The 15 year FRM came in at 6.10 percent, 4 basis points higher than the week ended October 19. One year ago the 15-year was at 5.69 percent. Fees and points for both 15-year and 30-year products averaged 0.4 last week compared with 0.5 the previous week.

The 5/1 Treasury-indexed hybrid adjustable rate mortgage (ARM) averaged 6.14 percent compared to 6.11 percent a week earlier. Fees and points increased to 0.6 from 0.5. The 1-year ARM averaged 5.60 percent with 0.7 point compared to 5.57 with 0.8 points the week before. Last year at this time the 5/1 and the 1-year averaged 5.63 percent and 4.91 percent respectively.


Frank Nothaft, Freddie Mac vice president and chief economist commented that the Federal Reserve at its meeting last week again declined to raise rates for the third time, "citing a slowdown in the housing market". For instance, the median price of both new and existing homes in September posted significant decreases. And some areas of the country may experience a few bumps up and down as the housing industry corrects itself in the coming months.

"On a positive note, new home sales in September came in at a higher-than-expected pace, while the number of homes for sale on the market dropped. This should help support housing prices going forward."

In recent months Freddie Mac and the Mortgage Bankers Association (MBA) have almost always been at odds on the short term direction of rates, although their ultimate conclusions on a long-term basis remain pretty much in synch. The two reports – MBA’s is called the Weekly Mortgage Applications Survey – again ran recorded contrary directions for the same week.

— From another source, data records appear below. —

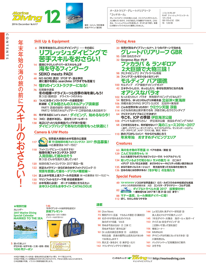 このほか、石川肇フォトグラファーが撮影してきたモルディブ バア環礁クルーズレポートや、パラオの無制限ダイビング情報、沖縄本島の「北谷沖」の初公開写真など、今月号も見応え抜群!
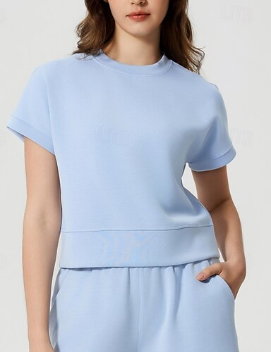 Damen Einfarbig Sportshirt Tennis Shirt Tennis-T-Shirt Sport Top Kurzarm Schnelltrocknend Atmungsaktiv Tennis Pickleball Laufen Rundhalsausschnitt T-Shirt Blau Tennisbekleidung
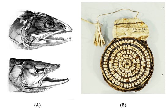 Ceremonial treatment of animal remains is well recorded among Inuit, with intentional ritual disposal of marine mammals reflecting a worldview that respected the spirits of hunted animals. Among the Yupik, bones from trap-caught fish were ritually disposed in ways that prevented dogs from eating them, suggesting ritual concern with how remains were handled [57]. A unique find of four char vertebrae strung on a baleen cord from a Thule house at Cape Kent in northern Greenland may represent its use as an amulet [58], but widespread ritual treatment of fish bones is not evident in archaeological finds. However, Birket-Smith [59] describes a toy made of thirteen fish cranial bones.
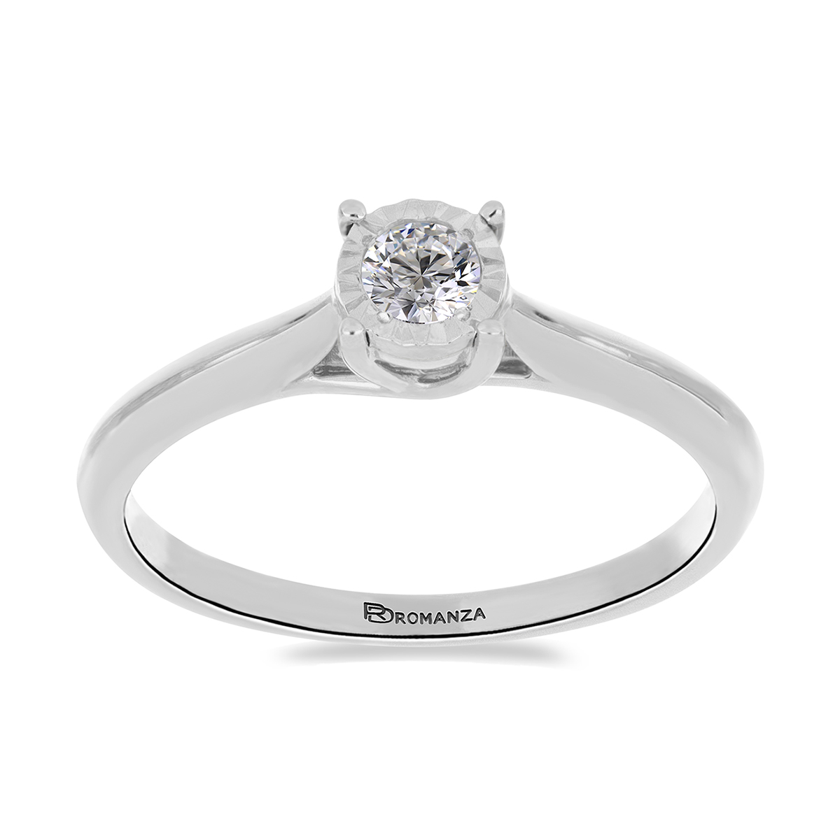 Anillo Solitario Ilusión con Centro 0.10 Quilates de Diamante en ORO BLANCO de 14 kt
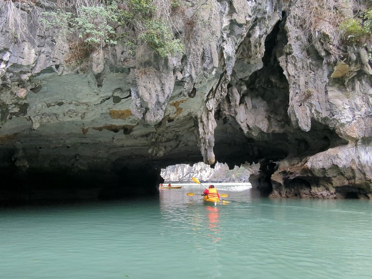 カヤックやってみたかったけど、かなり濡れるというので、船頭さんに漕いでもらう手漕ぎボートにのりました。船頭さんのキャラクター次第で、写真たくさん撮ってくれる人や歌ってくれる人、色々でした。
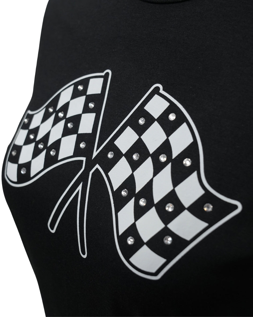 Start race day in the Pole Position Tee — the ultimate staple for every motorsports fan. Featuring two crossed checkered flags on a sleek black backdrop, this graphic tee delivers bold racing energy with a clean, elevated edge. Subtle rhinestone stud detailing throughout the flags adds the perfect touch of dimension and standout style.
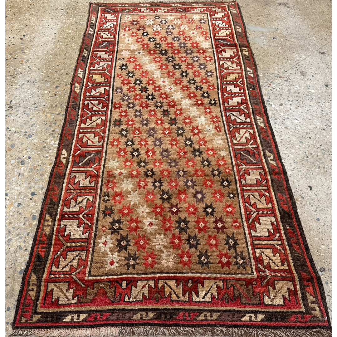 Terrific Tribal – 1880s Antique Caucasian Camel Hair Runner – 3’6″ x 7’2″ ft.
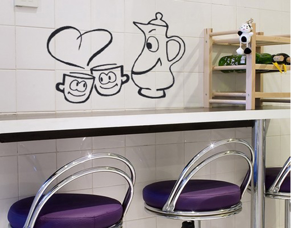 Самый простой способ нанести рисунки на кухонную тему – использовать наклейки. В магазинах представлен огромный выбор изображений на любую тематику.
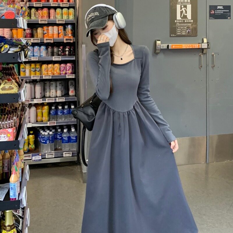 Лонгслив, осеннее платье, дизайнерский приталенный корсет, длинная длинная юбка, квадратный вырез, А-силуэт

The average contract rate for 30-year FRMs dropped to 6.24 percent, a decline of 12 basis points from the previous week with points, including the origination fee, rising moderately to 1.09 from 1.04. 15-year contract rates were down 9 basis points to 5.94 percent while points were off a scant .01 to 1.03.

The average contract interest rate for one-year ARMs declined to 5.93 percent from 5.97 percent, with points decreasing to 0.84 from 0.90.

All survey responses were for 80 percent loan to value originations.

Mortgage activity as measured by loan applications fell 3 percent on a seasonally adjusted basis and 3.3 percent unadjusted from the previous week and 11.2 percent loss from rate recorded one year ago. This continues a pattern of losses in the 10 to 15% range evidenced in recent weeks; a significant improvement over the 20 percent plus year-over-year declines we saw witnessed in the late summer.

Refinancing as a share of overall mortgage activity decreased to 45 percent from the rate of 45.6 one week ago. Adjustable rate applications represented 25.9 percent of total applications compared to 26.1 percent the previous week.